*Assignment*:
Your task is to restate word for word the lines in the material below, from the one with "ブーツとピアスをブラウンで統一させ、秋っぽさを出してみました^ ^" up to and including the one with "- 3-Strap Design: With". Do not carry over the pictures.

*Recorded information*:

************

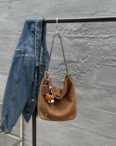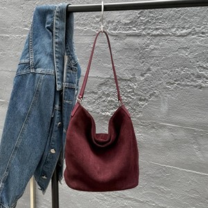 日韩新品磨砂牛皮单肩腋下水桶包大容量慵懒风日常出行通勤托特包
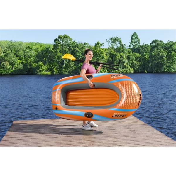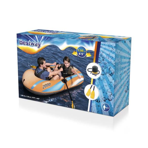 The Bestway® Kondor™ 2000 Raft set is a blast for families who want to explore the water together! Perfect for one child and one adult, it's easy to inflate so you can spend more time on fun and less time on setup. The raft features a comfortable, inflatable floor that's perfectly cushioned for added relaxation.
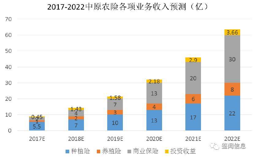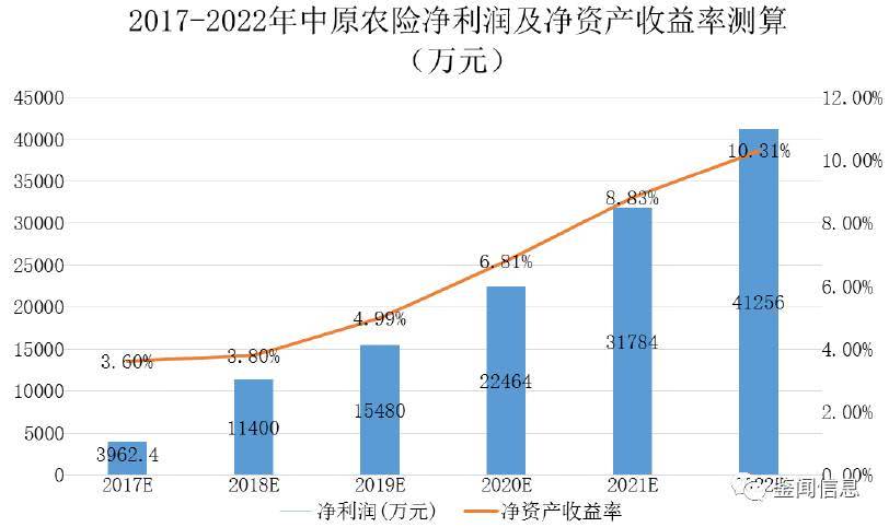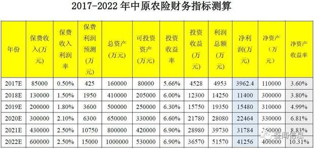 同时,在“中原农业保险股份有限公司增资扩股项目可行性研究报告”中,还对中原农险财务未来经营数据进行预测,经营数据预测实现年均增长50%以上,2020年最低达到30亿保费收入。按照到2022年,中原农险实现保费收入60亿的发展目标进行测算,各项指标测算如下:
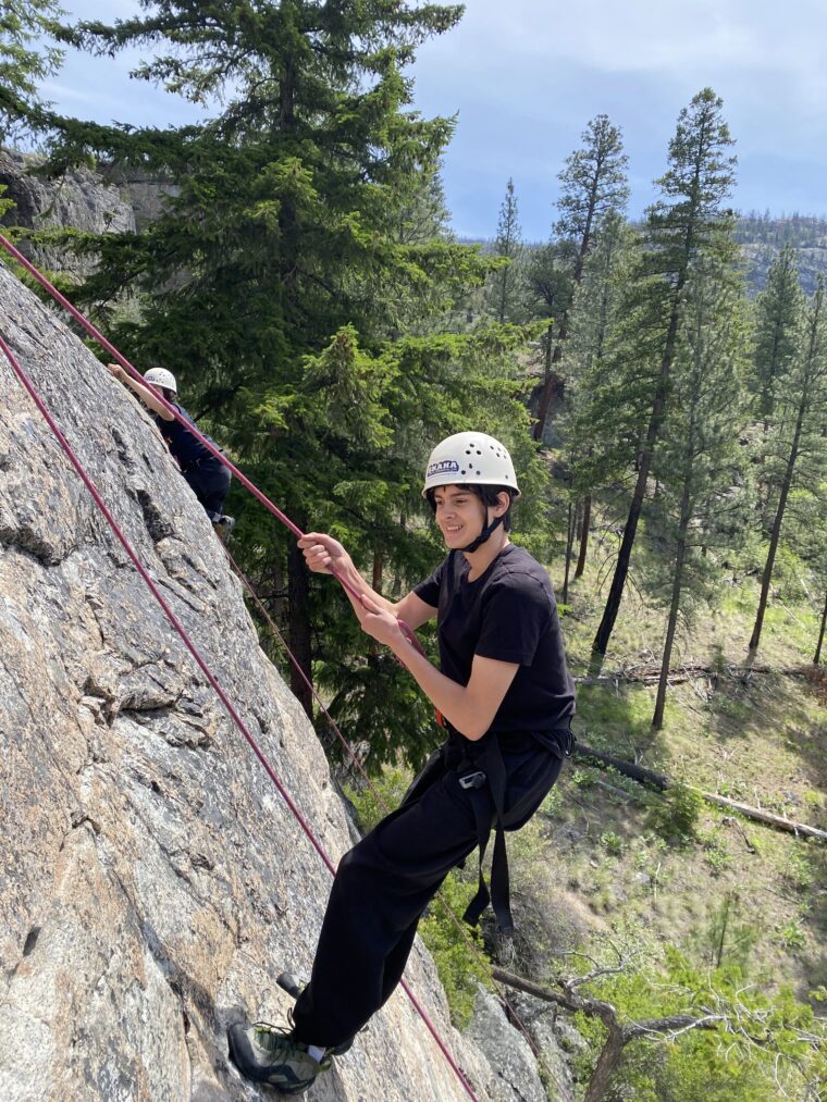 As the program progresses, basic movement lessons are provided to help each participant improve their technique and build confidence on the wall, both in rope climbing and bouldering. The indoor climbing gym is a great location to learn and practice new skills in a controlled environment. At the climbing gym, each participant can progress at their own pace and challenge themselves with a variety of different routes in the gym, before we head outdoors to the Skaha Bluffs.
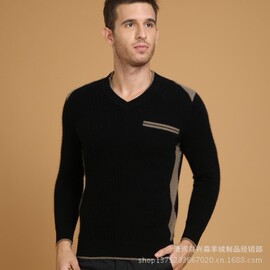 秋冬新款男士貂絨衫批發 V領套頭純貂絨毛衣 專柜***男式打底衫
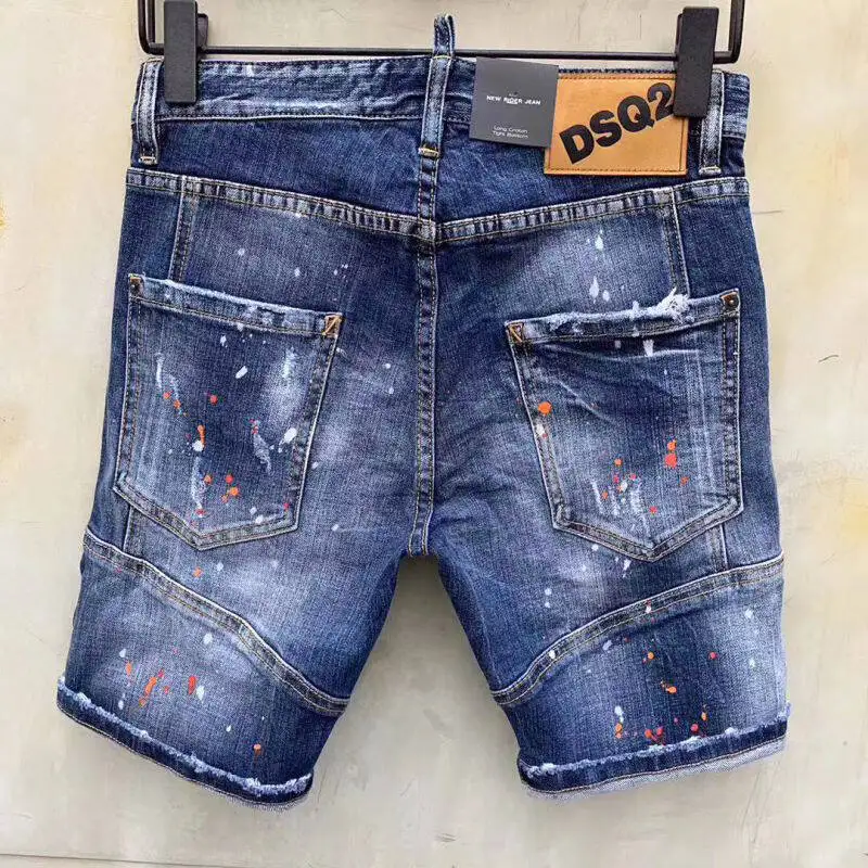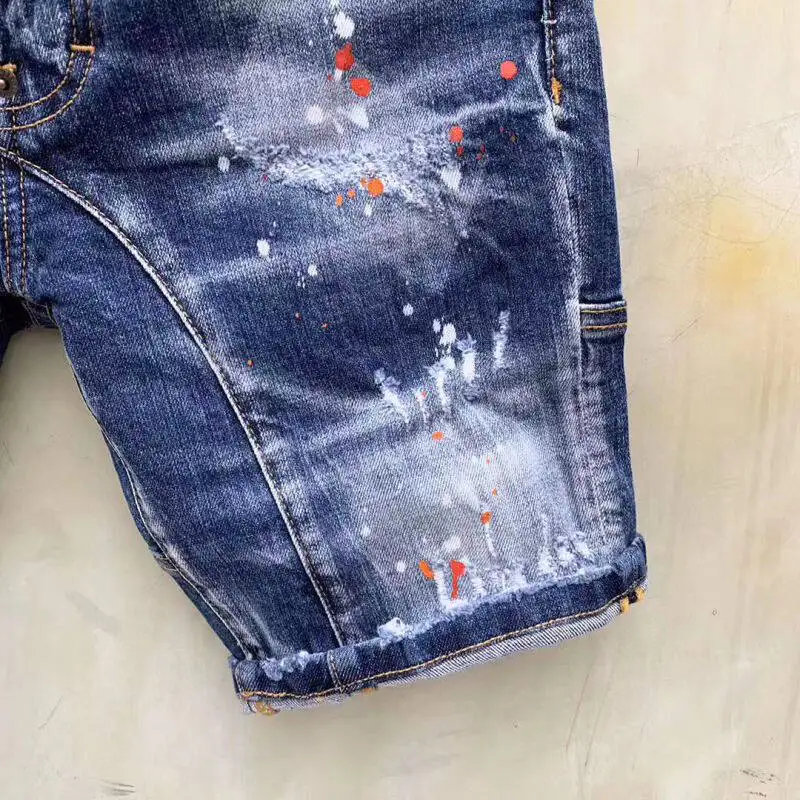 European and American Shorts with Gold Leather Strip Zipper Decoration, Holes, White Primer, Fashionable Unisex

************

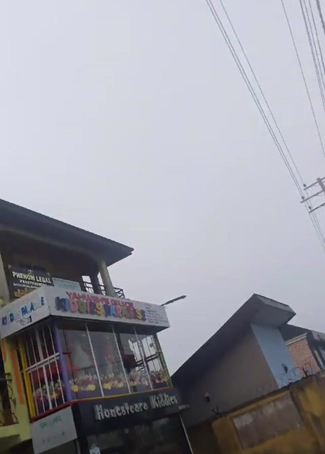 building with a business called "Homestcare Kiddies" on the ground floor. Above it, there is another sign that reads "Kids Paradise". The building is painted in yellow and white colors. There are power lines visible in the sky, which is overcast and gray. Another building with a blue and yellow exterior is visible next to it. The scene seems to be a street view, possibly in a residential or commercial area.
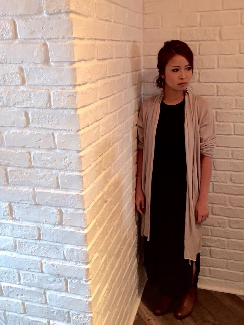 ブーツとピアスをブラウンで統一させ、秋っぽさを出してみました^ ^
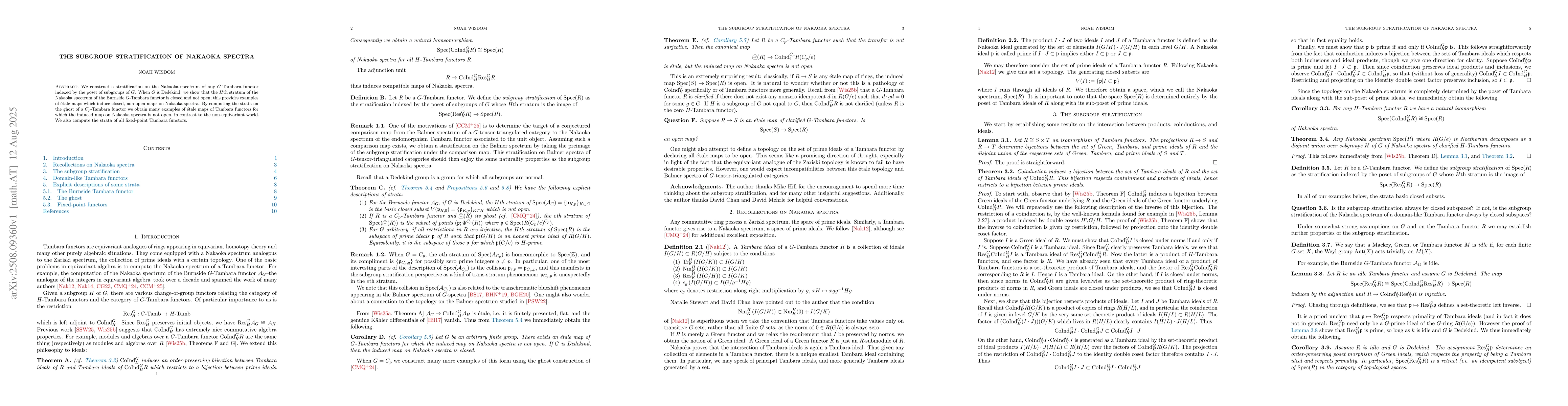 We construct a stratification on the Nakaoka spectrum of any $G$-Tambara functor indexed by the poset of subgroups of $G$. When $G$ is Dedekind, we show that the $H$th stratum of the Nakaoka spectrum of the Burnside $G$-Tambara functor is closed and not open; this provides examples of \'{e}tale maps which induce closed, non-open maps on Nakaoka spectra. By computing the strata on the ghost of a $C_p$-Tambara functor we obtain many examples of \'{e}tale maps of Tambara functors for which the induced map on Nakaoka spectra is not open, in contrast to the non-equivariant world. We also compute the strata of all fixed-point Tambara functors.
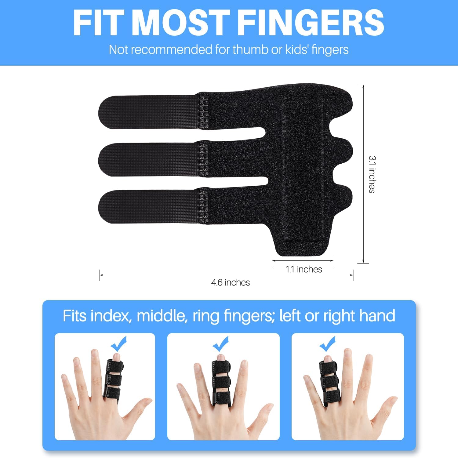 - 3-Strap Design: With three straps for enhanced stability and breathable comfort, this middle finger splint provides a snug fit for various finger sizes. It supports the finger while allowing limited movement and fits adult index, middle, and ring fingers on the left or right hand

************

*Output of the task*:
 ブーツとピアスをブラウンで統一させ、秋っぽさを出してみました^ ^
 We construct a stratification on the Nakaoka spectrum of any $G$-Tambara functor indexed by the poset of subgroups of $G$. When $G$ is Dedekind, we show that the $H$th stratum of the Nakaoka spectrum of the Burnside $G$-Tambara functor is closed and not open; this provides examples of \'{e}tale maps which induce closed, non-open maps on Nakaoka spectra. By computing the strata on the ghost of a $C_p$-Tambara functor we obtain many examples of \'{e}tale maps of Tambara functors for which the induced map on Nakaoka spectra is not open, in contrast to the non-equivariant world. We also compute the strata of all fixed-point Tambara functors.
 - 3-Strap Design: With three straps for enhanced stability and breathable comfort, this middle finger splint provides a snug fit for various finger sizes. It supports the finger while allowing limited movement and fits adult index, middle, and ring fingers on the left or right hand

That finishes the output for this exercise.